→ **Work request**
Pictures must not appear in the copy. Restate exactly the lines below from the one with "Polishing silver and" through the one with "Every fortnight the", inclusive.

→ **Given records**
◆ ◆ ◆ ◆

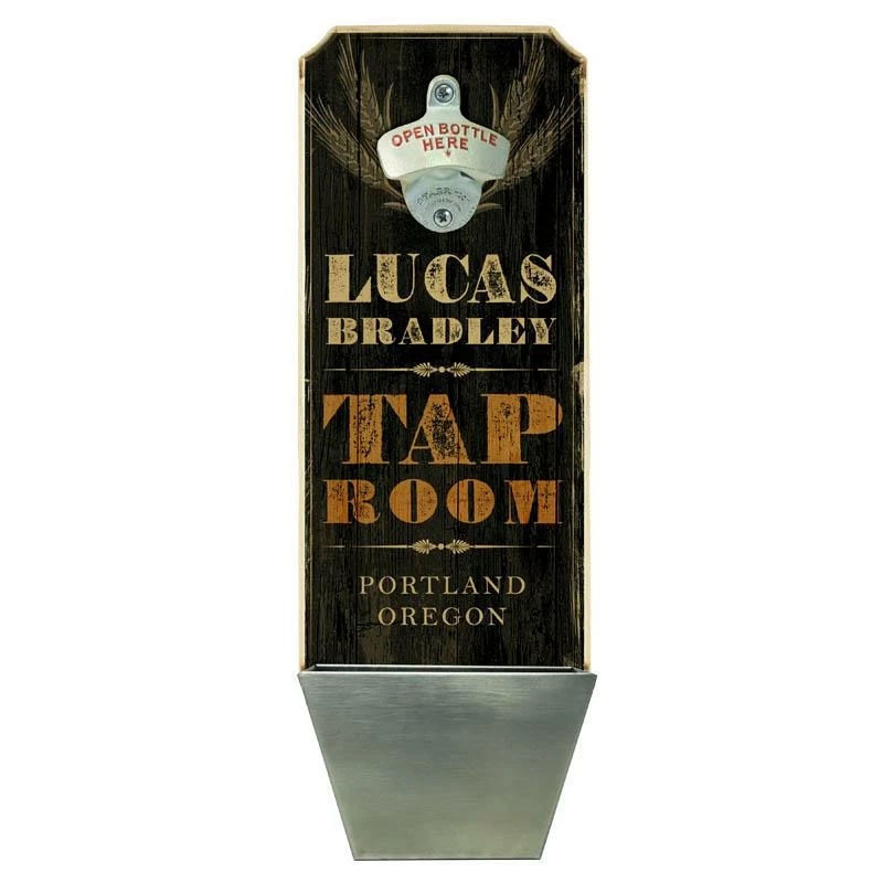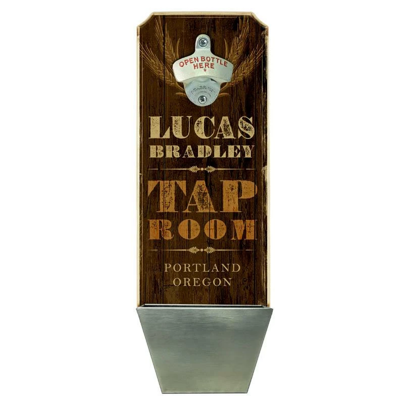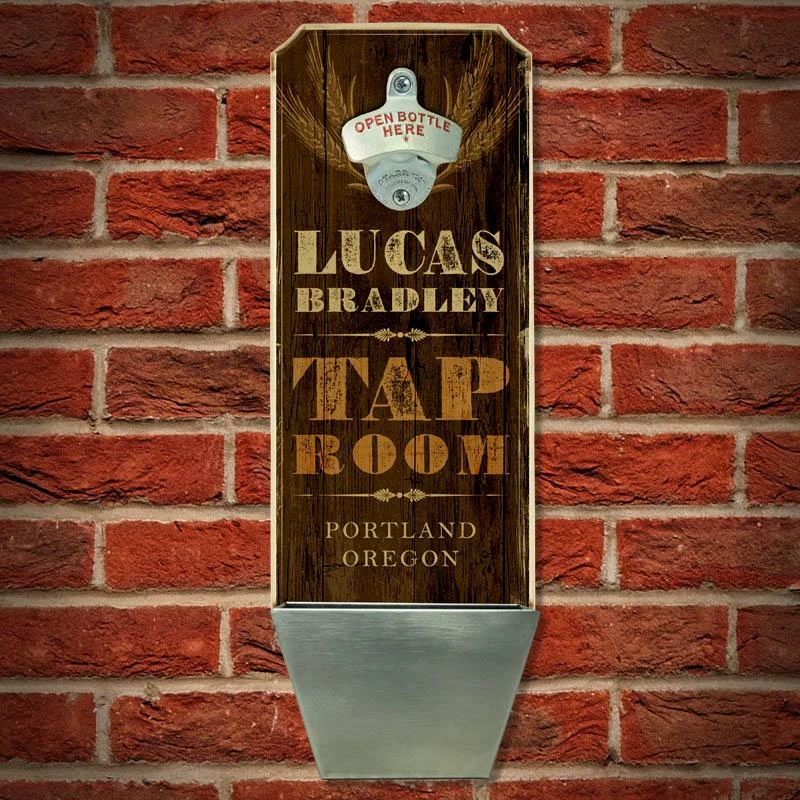 Home and bar decor can certainly set the tone for your guests. They can also make for great conversation pieces! This Vintage Style, Rustic “Tap Room” themed wall mounted bottle opener and cap catcher will do just that. The best part is that it is completely customizable. All you need to do is simply type in the required fields with your text and we will custom design this very cool, distressed wooden bottle opener for you. Think about how excited your friends and family will be when they receive this gift personalized with their name or favorite phrase.
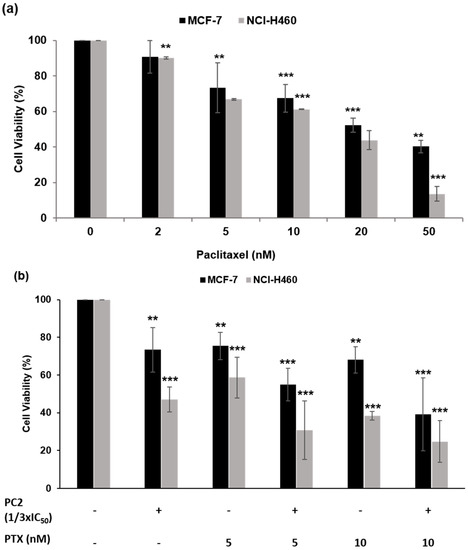 The chalcone PC2 enhances cytotoxicity of cancer cells to paclitaxel (PTX). (a) Relative cell viability of MCF-7 and NCI-H460 cells treated with increased concentrations of PTX (0–50 nM) for 48 h; (b) Relative cell viability of MCF-7 and NCI-H460 cells treated with PC2 (1/3 × IC50) in combination with PTX (5 or 10 nM) for 48 h; (c) Colony forming efficiency of MCF-7 and NCI-H460 cells: cells were exposed for 48 h to PC2, PTX, or the combination of both, washed, and allowed to grow in fresh medium for 10 days before crystal violet staining. Representative figures are shown and viable colonies, of at least 50 cells each, (top) were counted and the results expressed as % survival fraction relative to control (bottom). Results are expressed as mean ± standard deviation (SD), from at least three independent experiments. (***) represents p < 0.001; (**) represents p < 0.01, PC2 and/or PTX versus control.
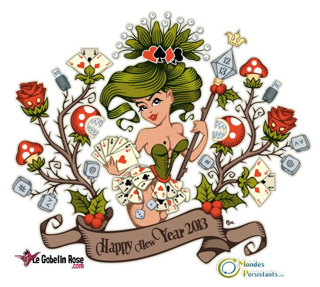 Commande des sites de jeux le-gobelin-rose.com et mondespersistants.com pour leurs vœux 2013. Version française et anglaise.
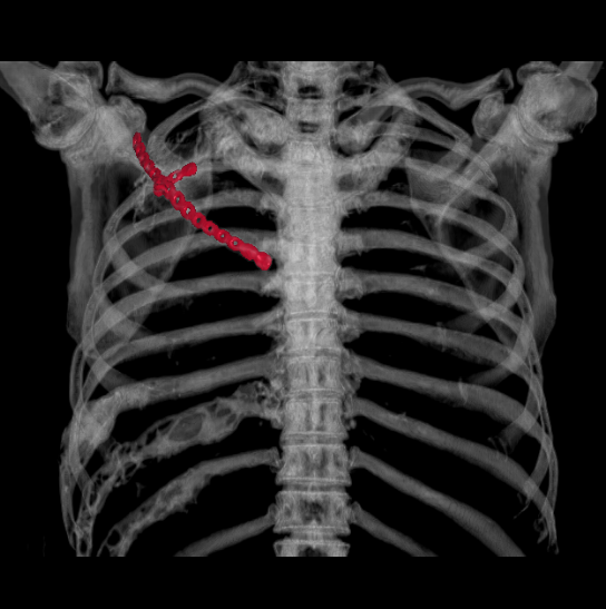 荣腾浩副主任医师、杨富瑜主治医师经过全面检查,研究病例后认为:巨大肿物切除后,胸壁“软化”为常见并发症,进而导致反常呼吸,影响心肺功能,而患者为体力劳动者并且是家庭经济支柱,“重建”胸廓可使患者恢复劳动能力。胸心血管外科团队制定完善手术计划后,决定手术切除后予以Matrix -RIB板重建,手术过程顺利,术后无并发症,目前患者已康复出院。
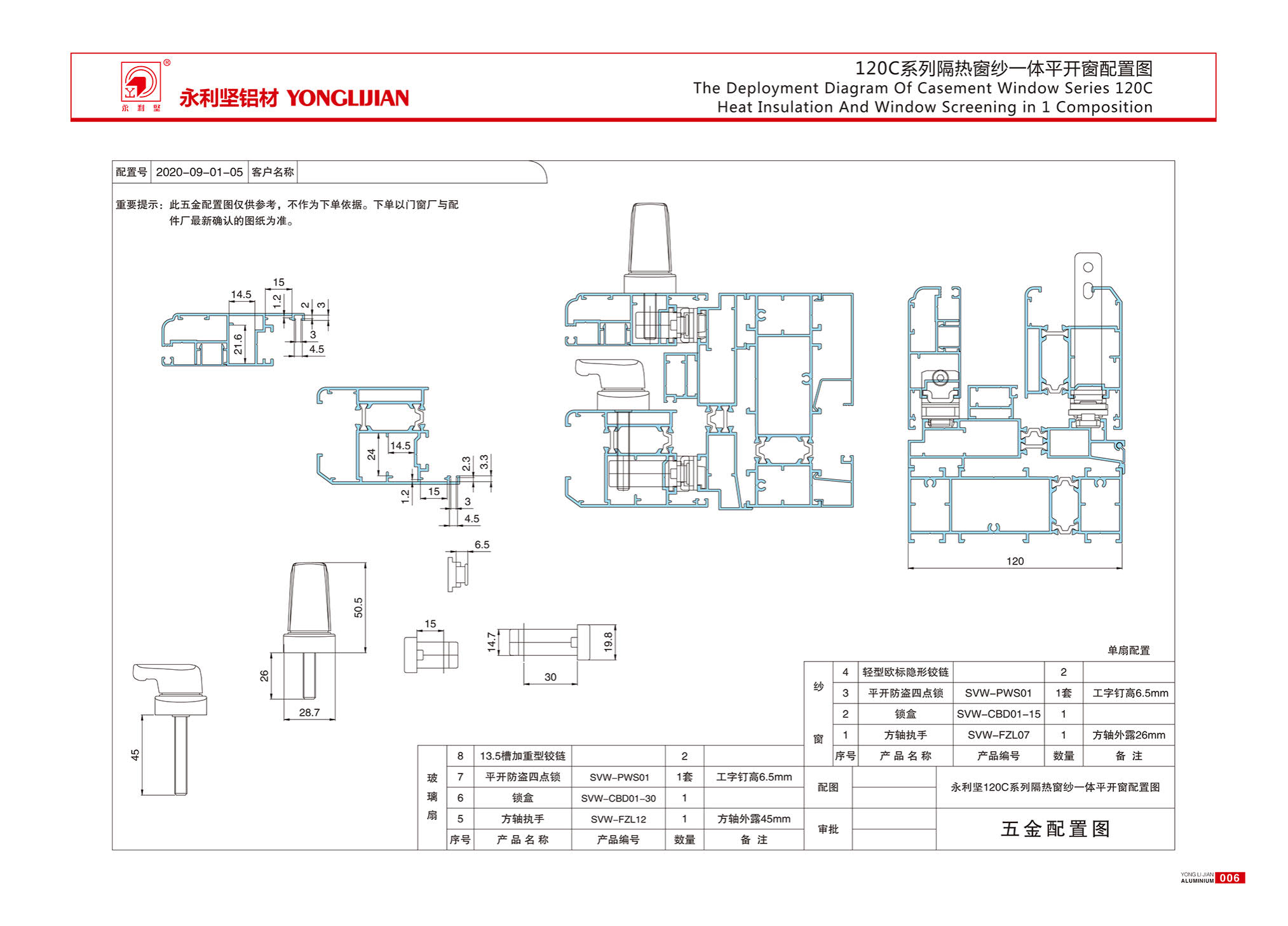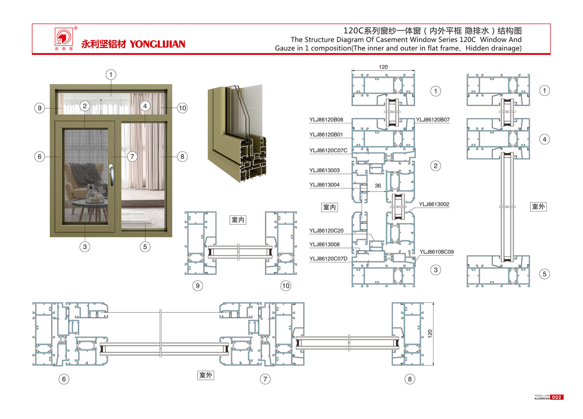120C series insulated window screen integrated window (inner and outer flat frame, concealed drainage)
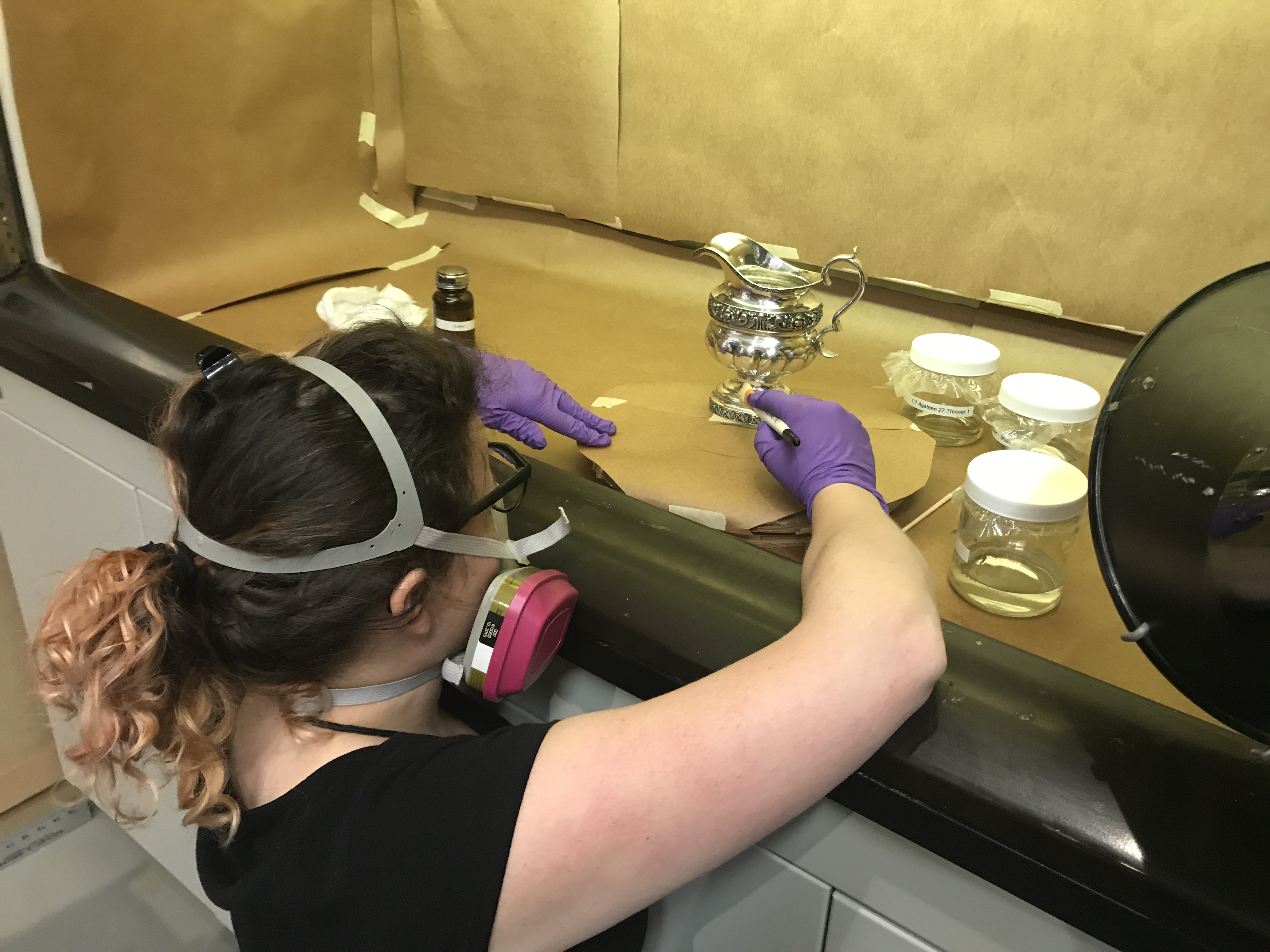 Polishing silver and brush lacquering with Agateen (cellulose nitrate) in preparation for a loan
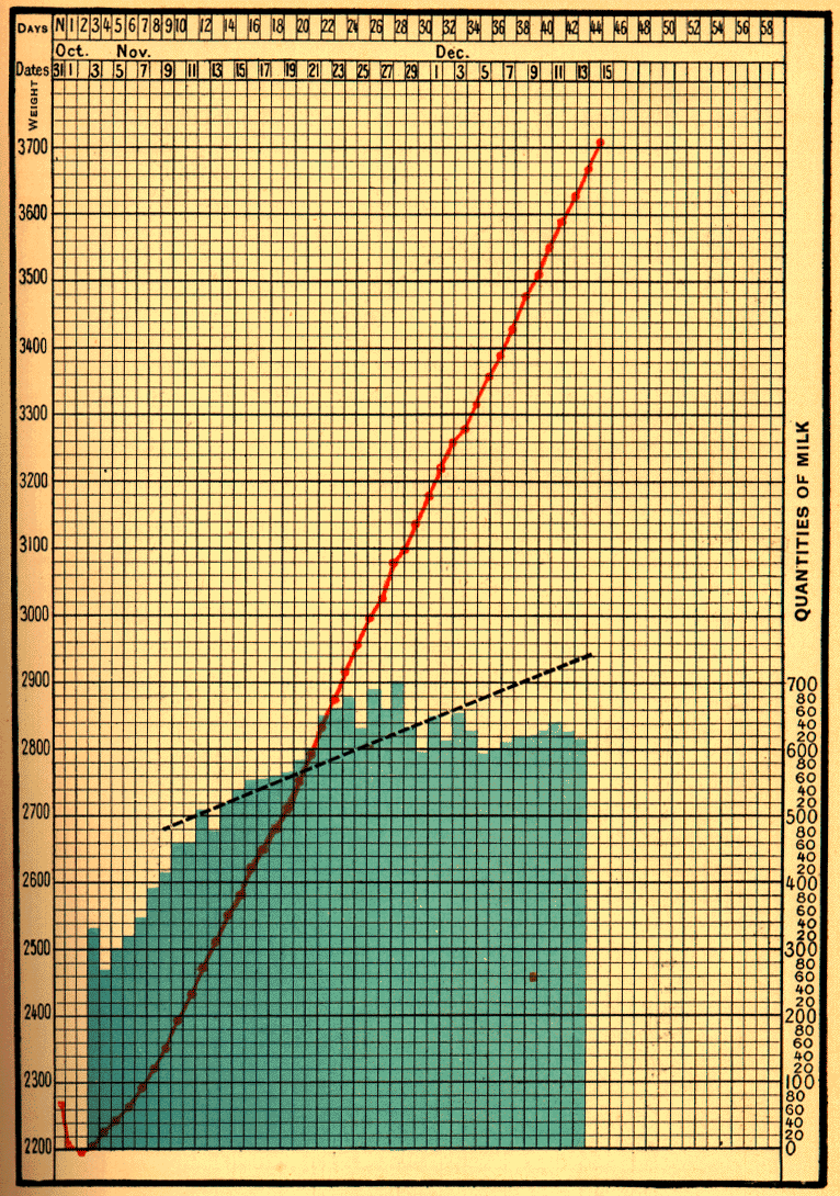 Every fortnight the amount of milk given by our wet-nurses was estimated. This was easily done. As you know, each weakling is weighed before and after meals, and at the end of the day the quantity it has ingested is thus readily estimated. If we added together the quantities of milk which the wet-nurse had furnished to those she suckled, those who had to be gavaged and fed by hand, and her own infant, we could obtain her total milk production in the twenty-four hours.
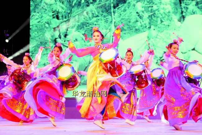 在“序·盛世潮风”节目《鼓舞神韵》中,传统潮汕大锣鼓加入动感舞蹈动作,与英歌舞相映成辉,这个新意十足的节目,为汇报演出拉开帷幕。一群维族姑娘翩翩起舞,引出第一乐章“天山风光”,仿佛把观众带到雪山脚下、青翠牧场。在第二乐章“西南风月”中,花腰彝族新娘、多情傣家少女以及藏族姑娘纷纷登场,悠扬的葫芦丝乐曲让人感受到西南的旖旎。随后的第三乐章“草原风情”,呈现出草原各民族如朝鲜族、蒙古族舞蹈豪放、粗犷、自由、奔放的特点。在第四乐章“梦圆风华”,演员们以器乐、歌舞表达与时代同进步的喜悦心情以及共建美好生活的雄心壮志。配合视频播放,由市书协、美协的文艺家创作的书画作品也呈现在LED屏幕上,既展示了我市文艺界成果,又与现场演出融为一体。
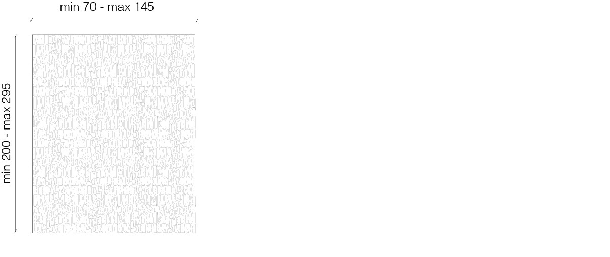 Pivot door in wood with Liquid Metal finish and Corteccia texture on the visible side. Metal handle carved into the thickness of the door.

◆ ◆ ◆ ◆

→ **Answer for the task**
 Polishing silver and brush lacquering with Agateen (cellulose nitrate) in preparation for a loan
 Every fortnight the amount of milk given by our wet-nurses was estimated. This was easily done. As you know, each weakling is weighed before and after meals, and at the end of the day the quantity it has ingested is thus readily estimated. If we added together the quantities of milk which the wet-nurse had furnished to those she suckled, those who had to be gavaged and fed by hand, and her own infant, we could obtain her total milk production in the twenty-four hours.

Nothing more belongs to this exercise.